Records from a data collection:
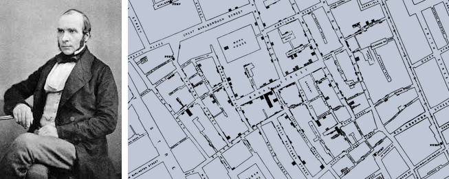 Otro caso que no puede faltar en la historia de análisis geográficos es el de John Snow (1813-1858), padre de la epidemiología, quien en 1854 estudió la relación de proximidad tanto en distancia como en tiempo entre casos de cólera y fuentes de agua contaminada en Londres.
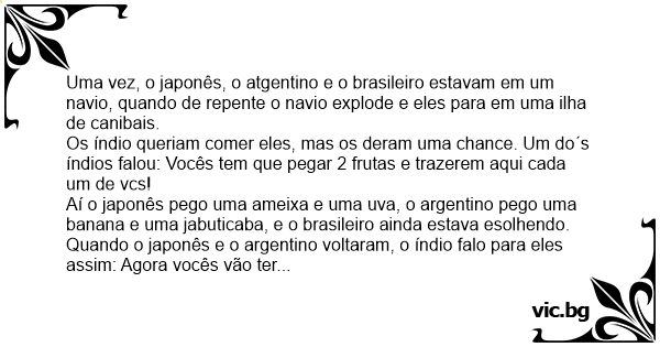Uma vez, o japonês, o atgentino e o brasileiro estavam em um navio, quando de repente o navio explode e eles para em uma ilha de canibais.
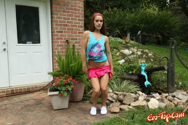 Сексуальная, рыжая девушка Kimberly Brix поливает лужайку на своём дворе. Делает она это без трусиков с голой попкой и киской. В процессе поливки, девушка направляет струю с водой из шланга в свою нежную киску, лаская ею клитор. Очень милая фото сессия с яркими красками, активирующая сексуальную фантазию зрителя.
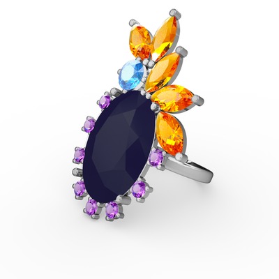 Lacivert akrilik 8 ayar beyaz altın yüzük
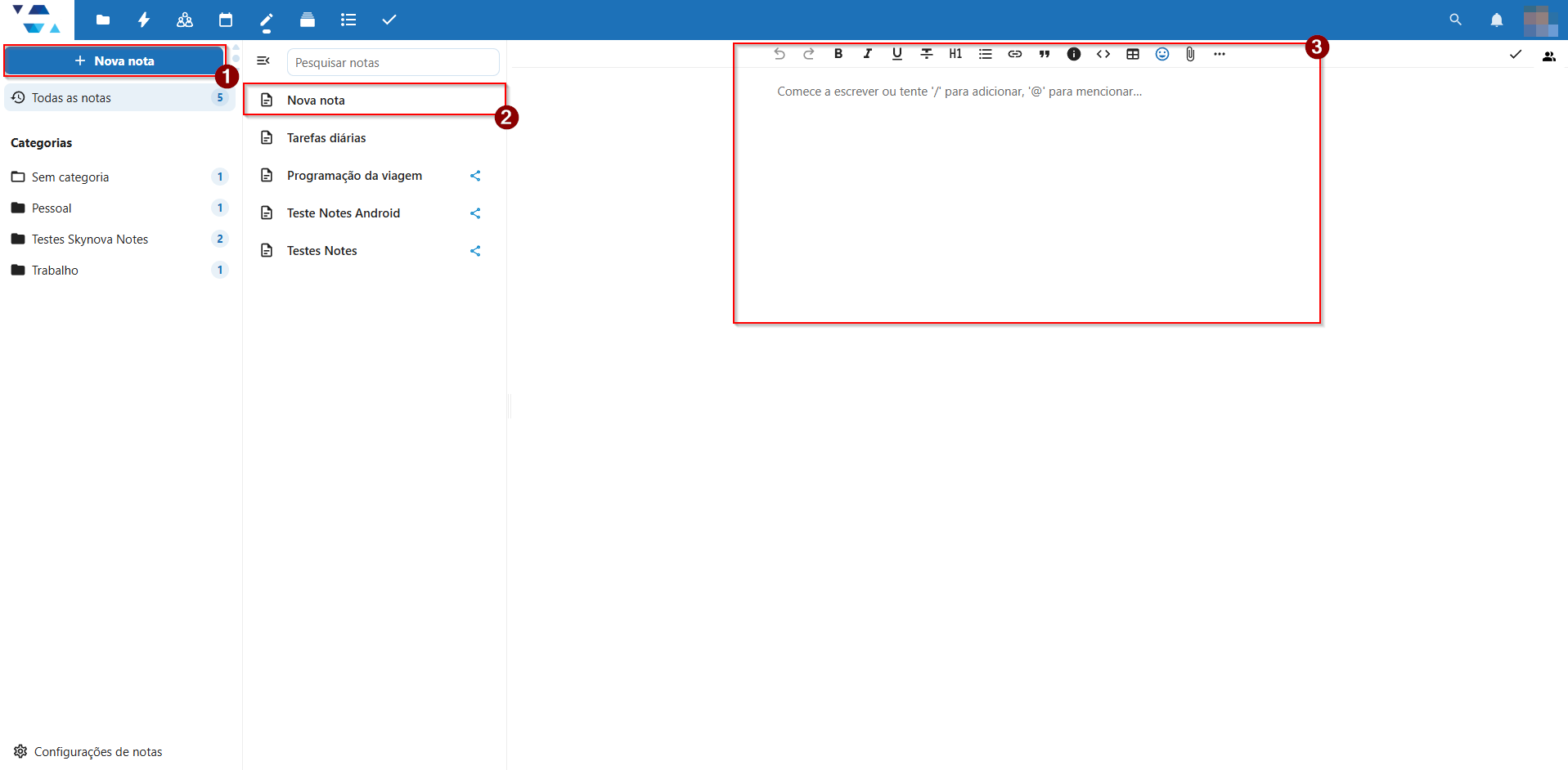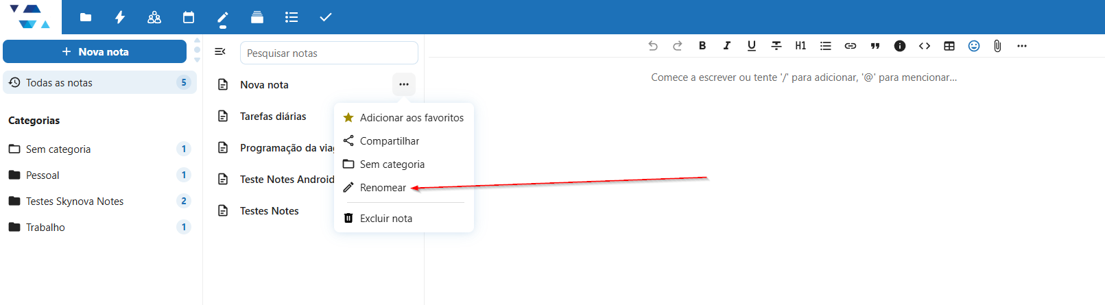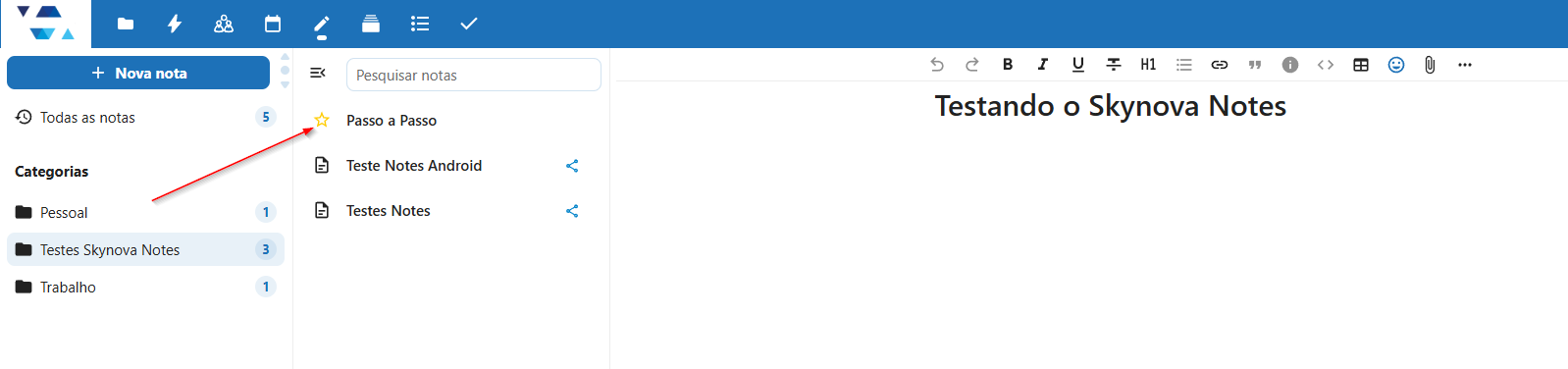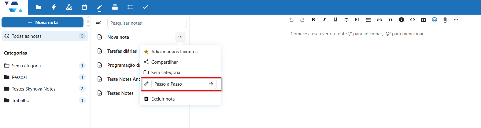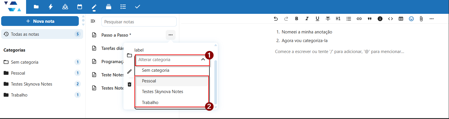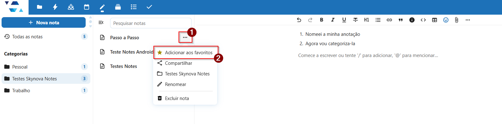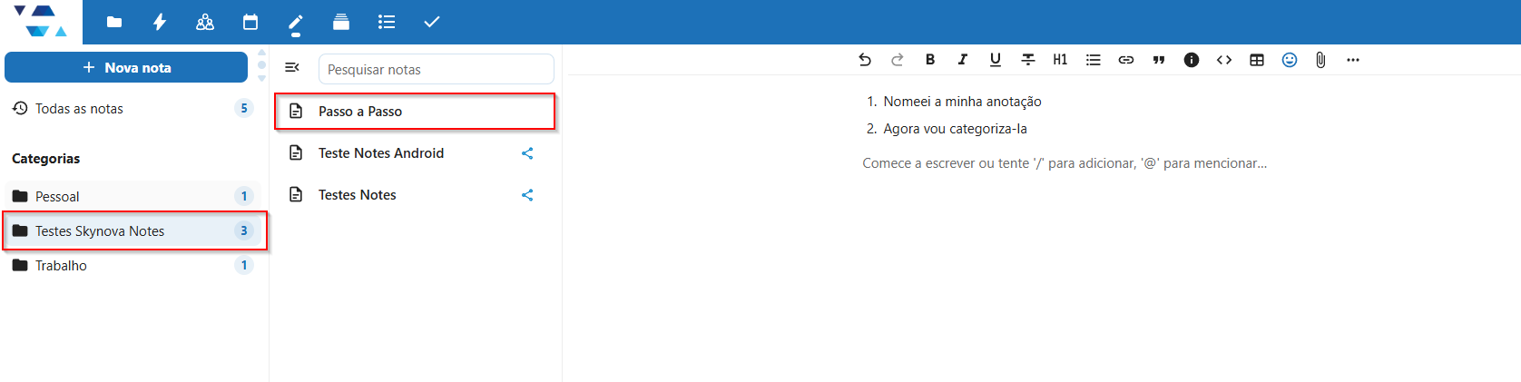 A partir do momento em que se aciona o botão para criar nota, e gera conteúdo a ela, a nota já está criada. Nos passos seguintes as instruções serão para organizar as anotações.

WHAT NEEDS TO BE DONE: Copy every record exactly; no pictures.

FINAL ANSWER:
 Otro caso que no puede faltar en la historia de análisis geográficos es el de John Snow (1813-1858), padre de la epidemiología, quien en 1854 estudió la relación de proximidad tanto en distancia como en tiempo entre casos de cólera y fuentes de agua contaminada en Londres.
Uma vez, o japonês, o atgentino e o brasileiro estavam em um navio, quando de repente o navio explode e eles para em uma ilha de canibais.
 Сексуальная, рыжая девушка Kimberly Brix поливает лужайку на своём дворе. Делает она это без трусиков с голой попкой и киской. В процессе поливки, девушка направляет струю с водой из шланга в свою нежную киску, лаская ею клитор. Очень милая фото сессия с яркими красками, активирующая сексуальную фантазию зрителя.
 Lacivert akrilik 8 ayar beyaz altın yüzük
 A partir do momento em que se aciona o botão para criar nota, e gera conteúdo a ela, a nota já está criada. Nos passos seguintes as instruções serão para organizar as anotações.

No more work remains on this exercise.